PROBLEM TO SOLVE: Everything from the line that contains "②活跃度奖励 除了参加游戏活" through the last line below should be transcribed exactly, except the pictures.

DATA FOR ANALYSIS:

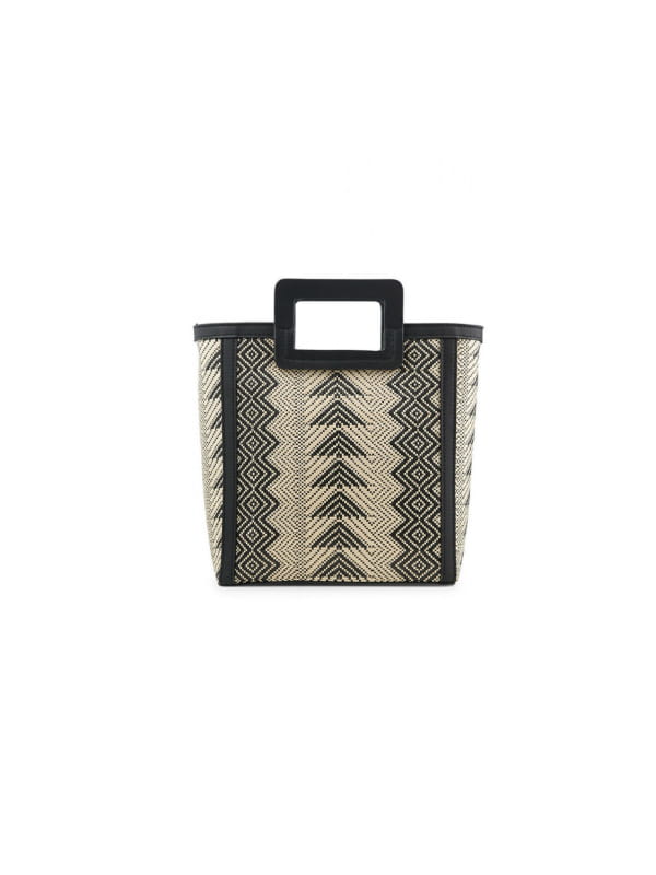 Sac cabas rigide noir et écru à motifs ethniques de Minelli
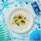 Teller aus Papier mit einem hübschen Blume-Bouquet mit fröhlichen gelben Sonnenblumen und grünen Blätter. Frisch und lustig.
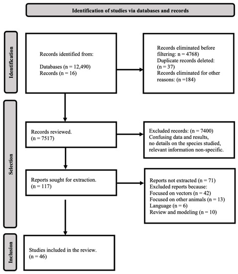 The literature review of mammalian arbovirus records in the Neotropics was conducted between 1 June and 31 July 2021 under the Preferred Reporting Items for Systematic Reviews and Meta-Analyses PRISMA 2020 Checklist reporting guide and the PRISMA 2020 flowchart [80,81] that describe the process for literature exploration and justification for the selection of each investigation [82,83].
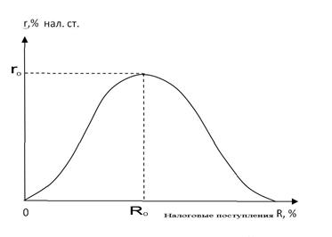 При r0 = max.R. Дальнейшее увеличение налоговой ставки сопровождается уменьшением налоговых поступлений. При r = 100 % производство становится бессмысленным. Лаффер считал, что государство должно изымать не более 30 % дохода предприятий и населения.
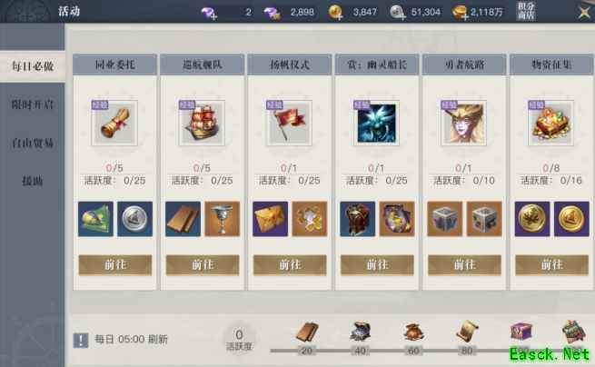 ②活跃度奖励 除了参加游戏活动之外,积累活跃度也是一种快速获得地中海藏宝图的办法。我们每日参加活动并累计获得80活跃度后,就可以领取一张地中海藏宝图。80活跃度仅需完成3-4个日常活动后便可获得,我们可以在闲暇时间完成并领取。
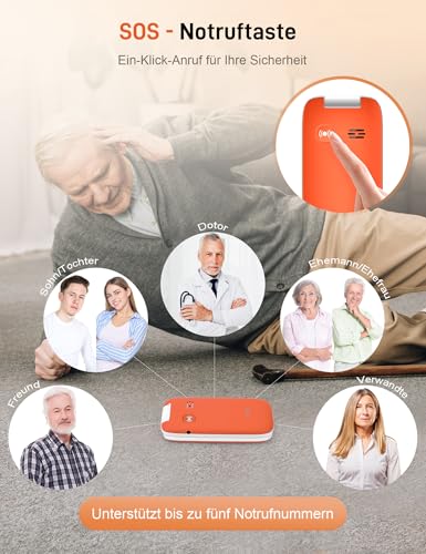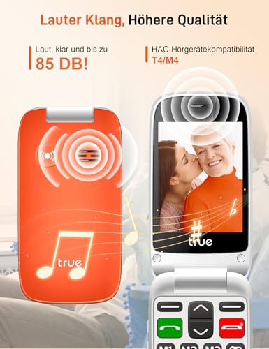 TRUE Senior Mobile Phone with Large Buttons, GSM Filp Phone for Elderly with 2.8″ Color Display, SOS Button, S70, Orange
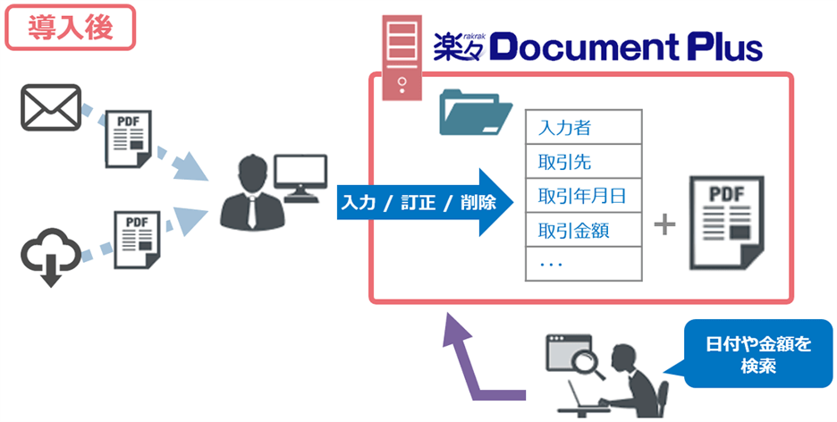 楽々Document Plusを導入することで電子帳簿保存法のうち、 国税関係書類の「スキャナ保存」と「電子取引」に必要な機能を網羅しており、効率よく運用できます。

WRITTEN REPLY:
 ②活跃度奖励 除了参加游戏活动之外,积累活跃度也是一种快速获得地中海藏宝图的办法。我们每日参加活动并累计获得80活跃度后,就可以领取一张地中海藏宝图。80活跃度仅需完成3-4个日常活动后便可获得,我们可以在闲暇时间完成并领取。
 TRUE Senior Mobile Phone with Large Buttons, GSM Filp Phone for Elderly with 2.8″ Color Display, SOS Button, S70, Orange
 楽々Document Plusを導入することで電子帳簿保存法のうち、 国税関係書類の「スキャナ保存」と「電子取引」に必要な機能を網羅しており、効率よく運用できます。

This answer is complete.